Neyse ki uzun yıllar aynı evde oturuyorum da millet çok iyi tanıyor. Delidir ne yapsa yeridir diyorlar. Ömer; aklı başında, işi gücü iyi konumda,sevgi dolu, adam gibi adam.Bizim çatlak Meral’e bunca yıl nasıl aynı sevgiyle tahammül ediyor. (Kıskançlıktan geberdim. Hiç bizi böylesi gelip bulmaz. Ah! Öyle sevgilim olsa, ahir ömrümde bende gün görsem.) Bu duygularımı onlara belli etmedim ama, ciddi haset ettim. (Kalbim kötü değil mi?)
Bizim kız sevinçten dellendi. Kumrular misali, mıç mıç. Bu sefer üçümüz yollara düştük. Şirince’ye gittik. Selçuk yakınında harika yer. Fırsat bulunca gelirim. Şarapları meşhur, bizde hiç sevmeyiz içmeyi(!) şarabı içmedik, yıkandık. Bir gece kaldık. Bu mevsimde kalabalık da yoktu.
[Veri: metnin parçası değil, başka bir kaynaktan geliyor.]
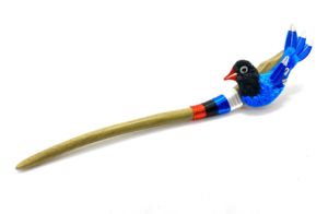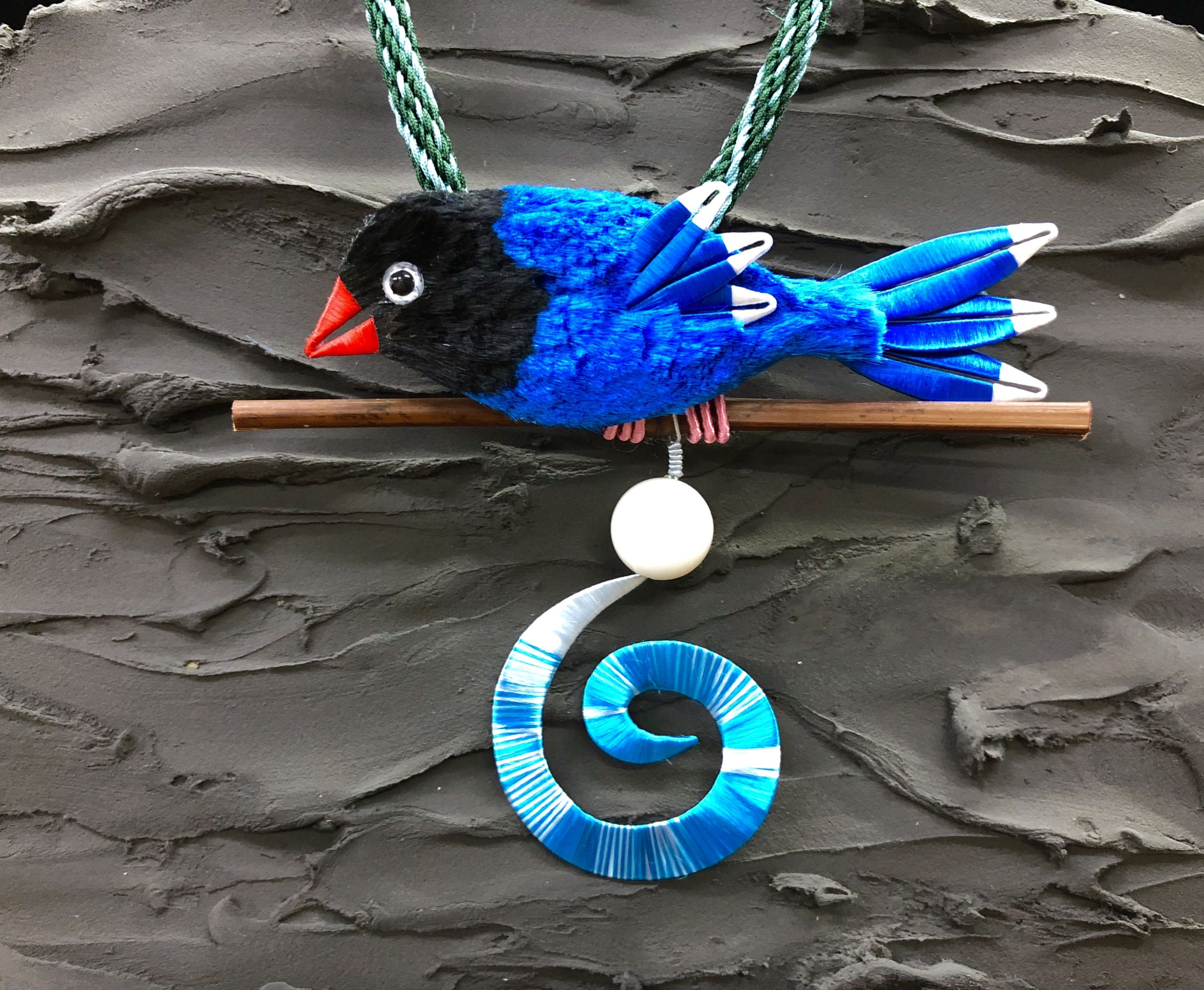 瑩的幸福工坊 商品名稱:藍鵲系列 設計者:林佩瑩、李庚錞(耳環胸針) 電話:0920-809-636 臉書:瑩的幸福工坊 台灣傳統纏花工藝,是早期婚嫁的「春仔花」飾品技術, 林佩瑩老師除了傳承之外更透過商品設計, 讓春仔花融入現代生活。 此系列以雲林縣特有種八色鳥、台灣特有種藍鵲, 及常見的麻雀、綠繡眼、白鶺鴒等, 在分析台灣鳥類的外型與顏色後, 運用纏花與剪絨工藝創新結合, 可作為胸針、髮簪、項鍊、耳環的裝飾, 豐富你/妳的現代生活品味。
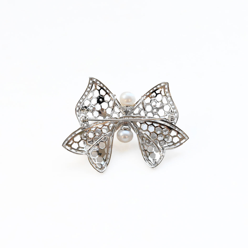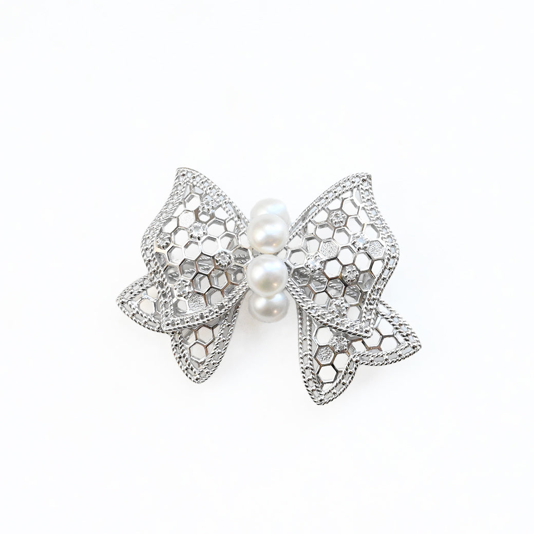 《ルバン・ミエル(フランス語で「蜂蜜のリボン」)》は、蜂の巣のように美しく整った透かし模様と、上品なリボンのフォルムが調和した、繊細なブローチです。

Bir sürü lüzumsuz hediyelik eşyalar aldık, yedik, içtik. Şarapların hepsi meyvelerden yapılıyor. Kavun, çilek, karadut, ahududu, daha neler. Hepsinden abarttık da en çok ahududuyla, böğürtlenliği sevdim.
Şirinceliler! Gerçekten şirin insanlar. Kaldığımız otelin sahipleri deli, divane oldular. Leman hanım ve eşi Kazım beye bu ilgilerinden, yaptıkları yemek, köy kahvaltıları, özel ekmek için sonsuz teşekkürler. Sizleri tanıdığıma memnunum, bodruma bekliyorum.
Arabanın bagajını şarap yükledik, sırada Meryem ana var. Şirince’de sıkı kahvaltı sonrası, adresler, telefonlar alınıp verildi. Yola çıktık. Selçuk o kadar yakın ki pırt diye geldik.Meral tutturdu çöp şiş diye! Yiyemeyiz, tokuz dedik de!!! Bir çöktük çöplerin başına sanki ezelden açmışız. Ye Allah ye!! Tam çatlamak üzereyken, yola çıkabildik.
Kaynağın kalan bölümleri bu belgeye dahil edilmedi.